• **DATA SUPPLIED**:
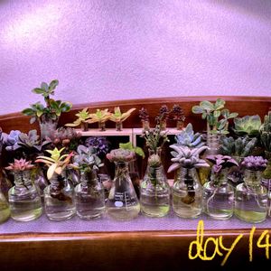 多肉植物の水耕栽培、祝150日目! 仕事から帰宅したら部屋の温度が30℃超えていましたι(´Д`υ) 200日まで持たずに全滅…しないように気を抜かずに管理していこう(´∀`)
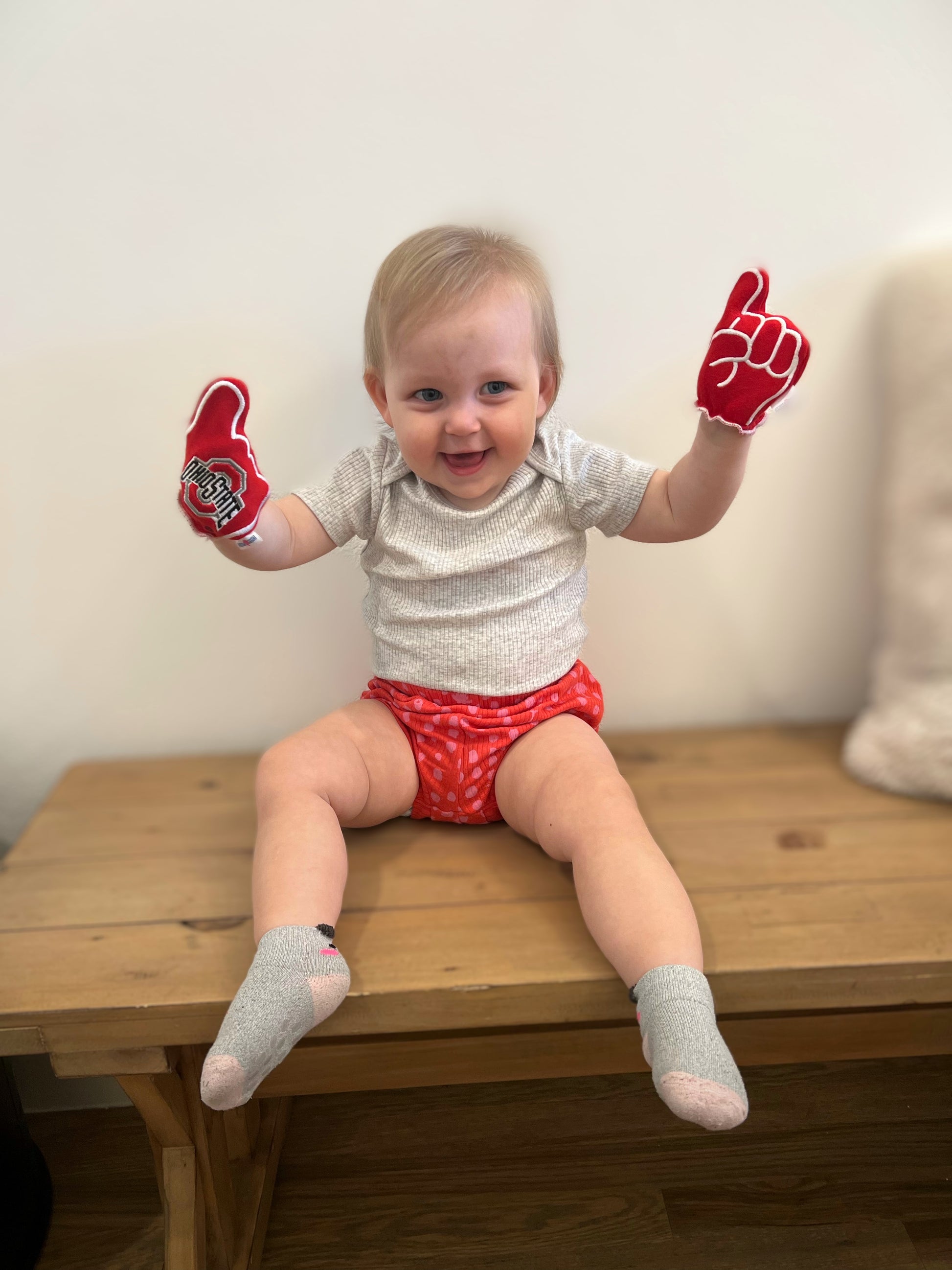 Show your school spirit with a pair of our O-H-I-O! FanMitts™ - the ultra-soft, stretchable, and breathable baby mittens that will prevent your lil' ones from scratching and rubbing, while keeping them cozy in any weather!
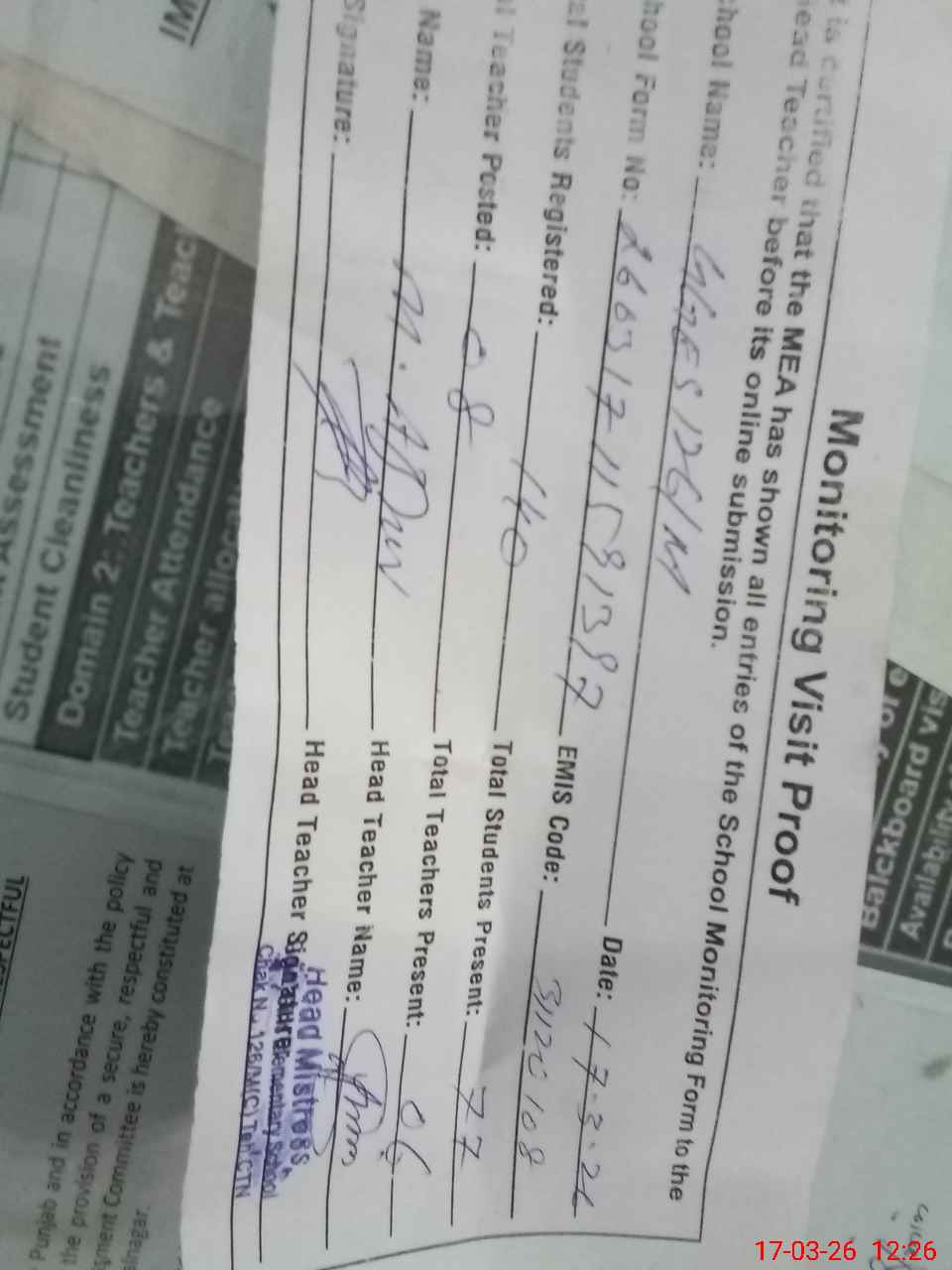 | Attendance Register | Head Teacher | MEA with School | Visit Proof |
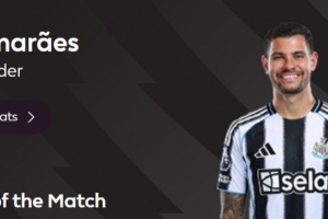 本场比赛纽卡球员吉马良斯在第90分钟打进绝杀,赛后当选英超官方球迷票选全场最佳球员。
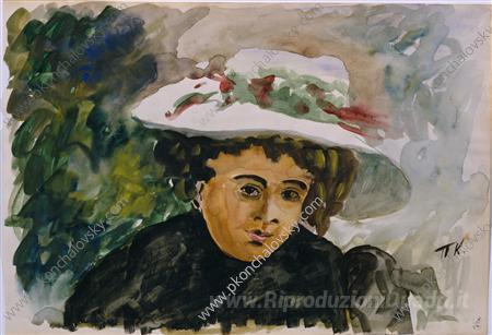 Ti offriamo una riproduzione artigianale su tela dell'opera famosa 'Ritratto femminile (Voronova). Studio.' di Pyotr Konchalovsky, dal Museo delle Riproduzioni.
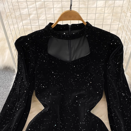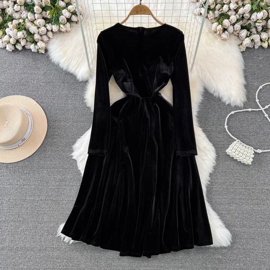 Robe d'automne en velours à manches longues et col rond perlé, robe élégante trapèze 1708
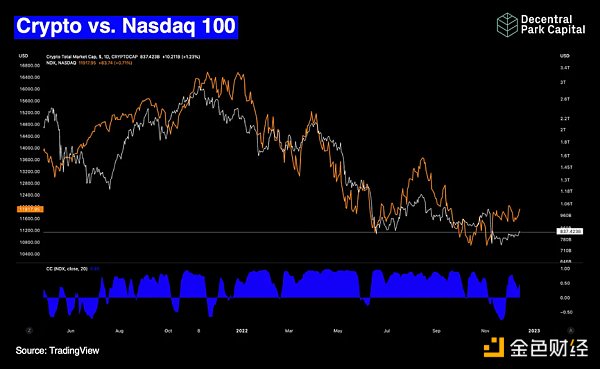 内容:在 2022 年的大部分时间里,加密货币市值与 NDQ 等成长型科技股指数呈正相关,但并不总是如此。
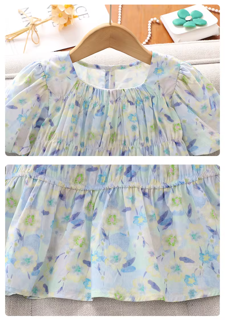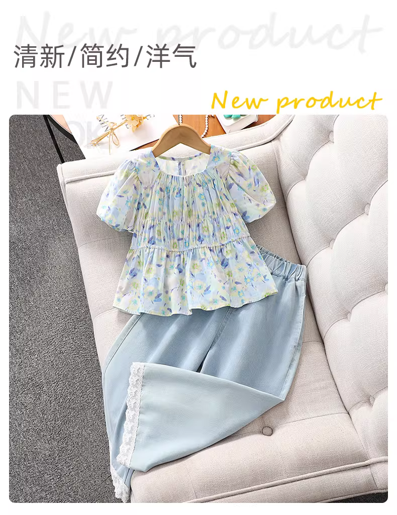 - Bộ trang phục hè 2025 cho bé gái: Áo sơ mi ngắn tay họa tiết hoa dễ thương + Quần denim ống rộng phong cách thường ngày
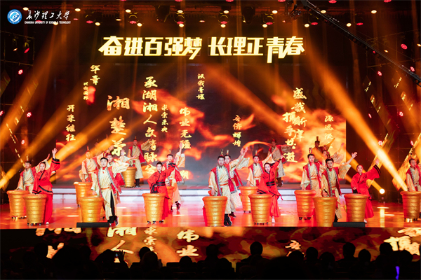 联欢会伊始,融合非物质文化遗产击缶与舞狮,加上现代芭蕾的《鼓韵华章》在《长理赋》的吟诵中磅礴大气开场,瞬间将舞台气氛点燃。
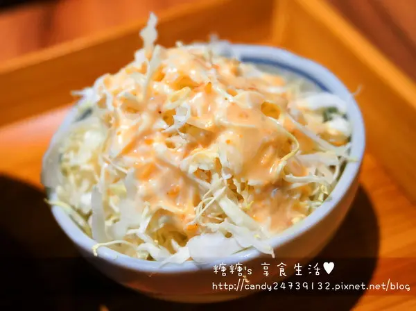 附餐的高麗菜絲,加了滿滿的胡麻醬汁,吃起來非常清爽,如果吃不夠還可以再續唷
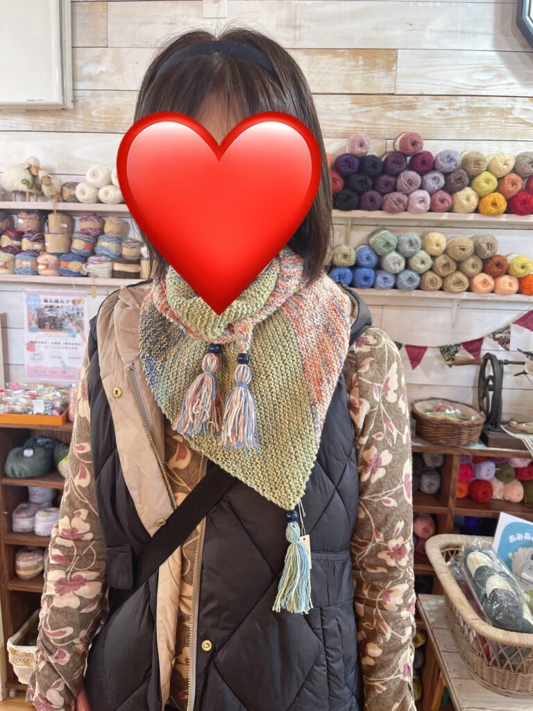 今日はグリーンのスヌードを気に入って下さいました。
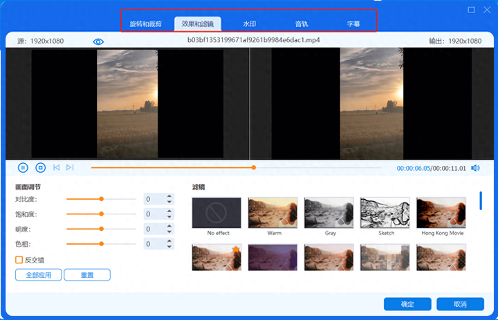 第六步:在编辑界面中,我们可对视频进行旋转、裁剪、添加滤镜和颜色、以及添加水印、音轨和字幕,您可以根据自己需要进行设置。设置好后点击“确定”按钮,即可回到主界面。
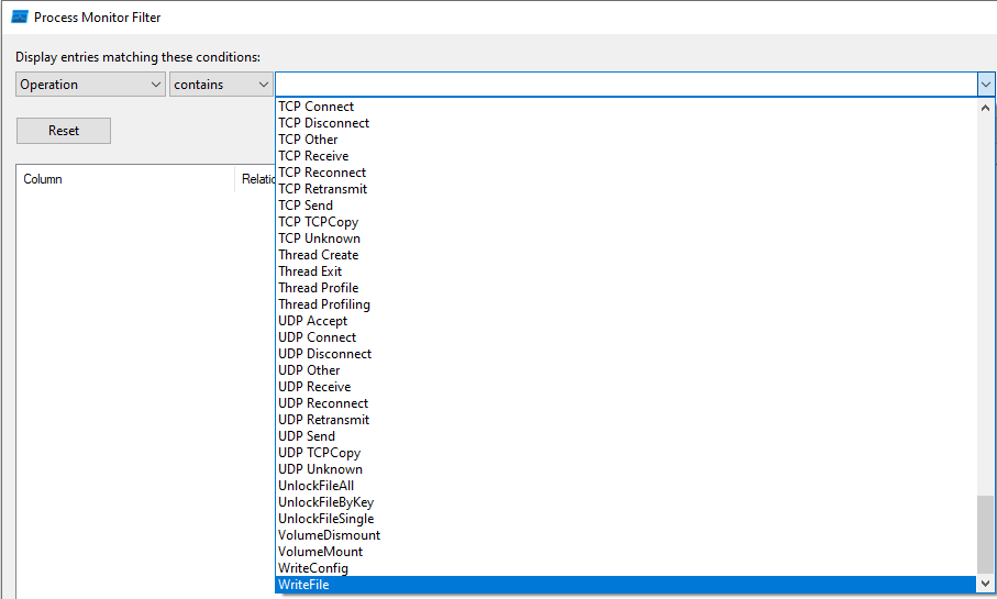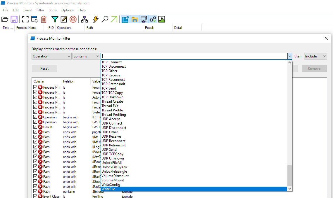 Bei ProcMon gibt es aber z.B. keine Filter-Option "writefile" und wenn ich das Wort manuell rein schreibe, kommen keine Ergebnisse. Auch alle anderen Optionen, die "write" in irgndweiner Form enthalten, liefern keine plausiblen Filterergebnisse.
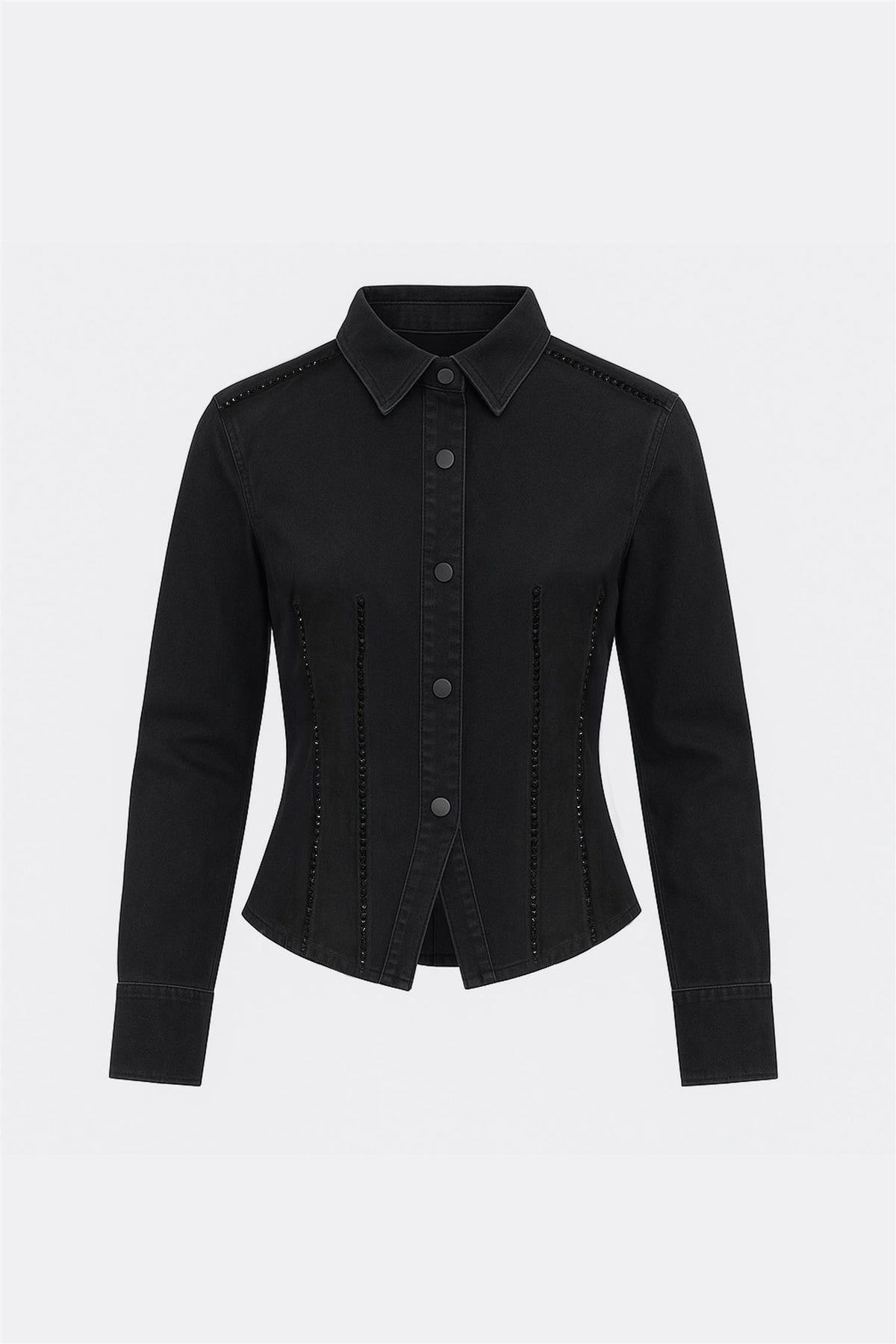 Elegant denimskjorte med krage og knappestolpe foran, utsmykket med delikate detaljer for et sofistikert uttrykk. Designet med paneler og innsnitt som fremhever midjen og gir en formsydd, feminin silhuett.

• **TASK DESCRIPTION**: Could you please write out exactly the lines from the start of the entries above through the line that holds "本场比赛纽卡球员吉马良斯在第", both included, with no pictures?

• **ANSWER FOR THE TASK**:
 多肉植物の水耕栽培、祝150日目! 仕事から帰宅したら部屋の温度が30℃超えていましたι(´Д`υ) 200日まで持たずに全滅…しないように気を抜かずに管理していこう(´∀`)
 Show your school spirit with a pair of our O-H-I-O! FanMitts™ - the ultra-soft, stretchable, and breathable baby mittens that will prevent your lil' ones from scratching and rubbing, while keeping them cozy in any weather!
 | Attendance Register | Head Teacher | MEA with School | Visit Proof |
 本场比赛纽卡球员吉马良斯在第90分钟打进绝杀,赛后当选英超官方球迷票选全场最佳球员。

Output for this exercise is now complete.